Das Wetter war uns auch wohlgesonnen – obwohl Dauerregen vorhergesagt wurde, regnete es kaum und wir hatten sogar viel Sonnenschein. Leider wehte aber ein ganz schön kräftiger Wind: Böen mit bis zu über 120km/h, die in unberechenbarer Stärke und wechselnder Richtung auftraten, ließen uns teils wie Betrunkene herumtorkeln, boten wir mit unseren großen Rucksäcken ja noch besonders viel Angriffsfläche.

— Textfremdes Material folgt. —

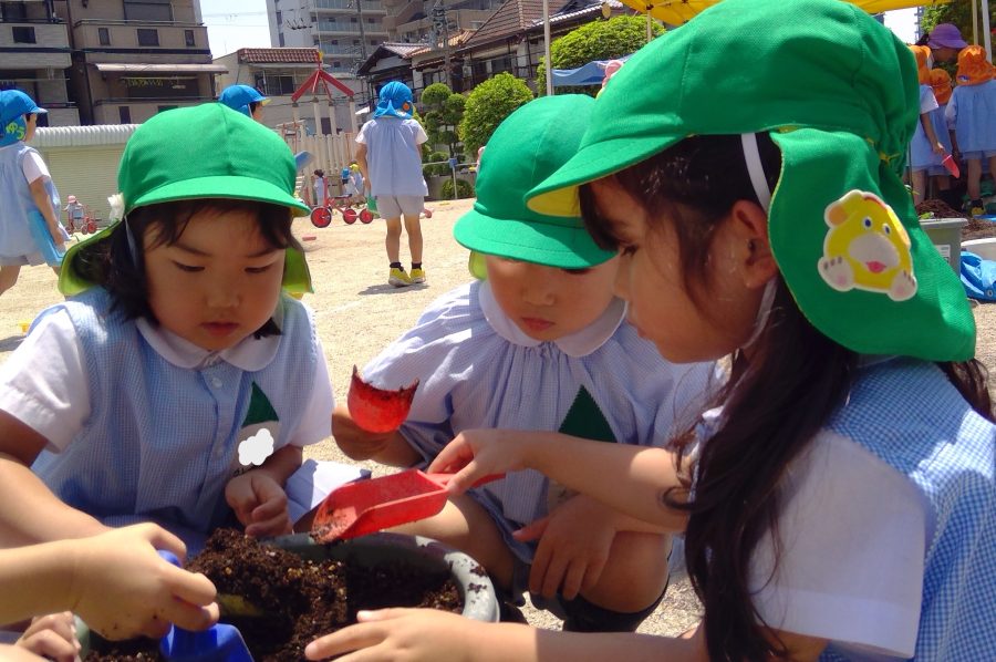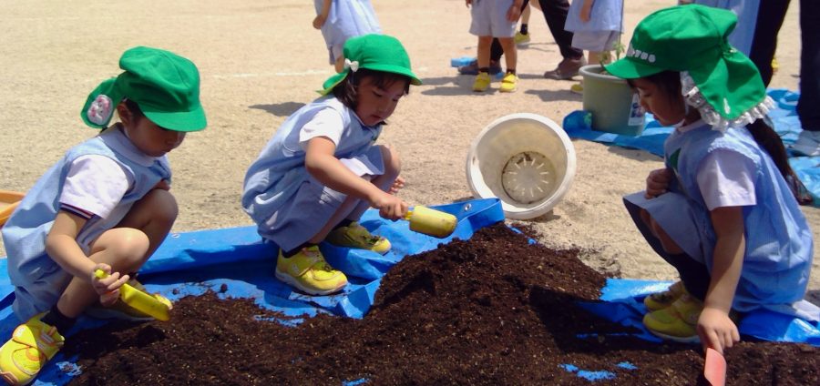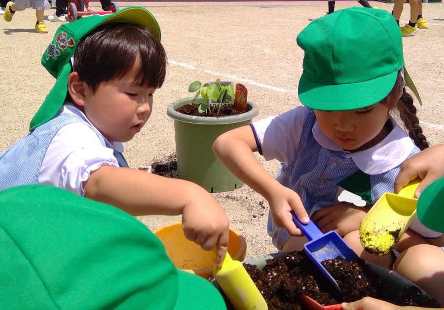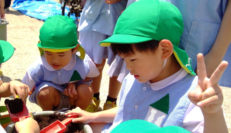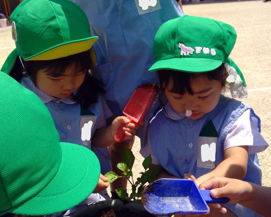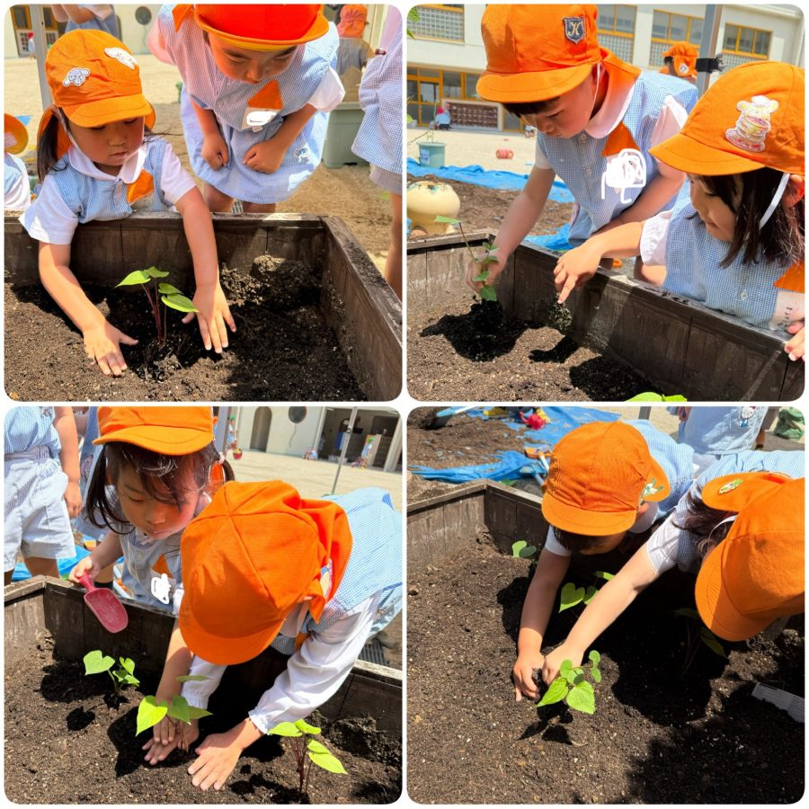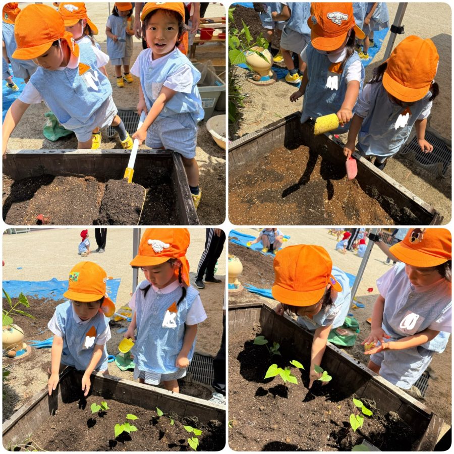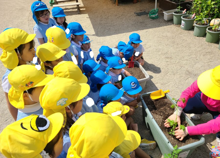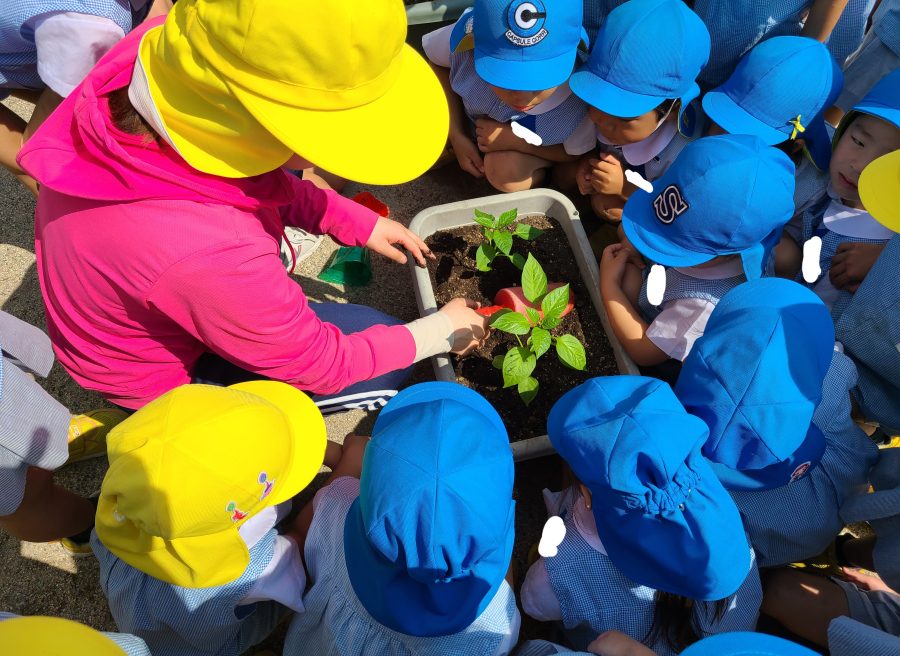 先週に、年長さんは2つ野菜を植えました!植えたのは、トマトとピーマン。ピーマンはカラーピーマンも植えました!どんな風に育つか楽しみです。

Am dritten Tag beendete dann ein besonders fieser Windstoß unseren Trek: Während wir auf einem Hügel standen und die Aussicht genossen, wurde Sonja von einer überraschenden Bö zu Boden geworfen und verletzte sich dabei die Schulter. Der Arm ließ sich nicht mehr heben und belasten, und uns blieb daher nichts anderes übrig, als zurück zum Camp zu gehen, von wo aus wir schnellstmöglich (sprich: einen halben Tag in einem Katamaran und zwei Bussen) ins nächste Krankenhaus fuhren. Zum Glück nichts gebrochen oder gerissen, aber eine Armschlinge sollte noch zwei Wochen und ein ausgewachsener Bluterguss in der exakten Form von Österreich fünf Wochen lang an das unglückliche, vorzeitige Ende der Wanderung, aber auch an unser Zuhause erinnern…

Aus diesem Grunde gibt es hier leider auch keine Bilder des erklärten und eingangs beschriebenen Höhepunktes des Parks zu bewundern, den bizzaren Felszinnen. Diese bei Interesse einfach andernorts nachschlagen.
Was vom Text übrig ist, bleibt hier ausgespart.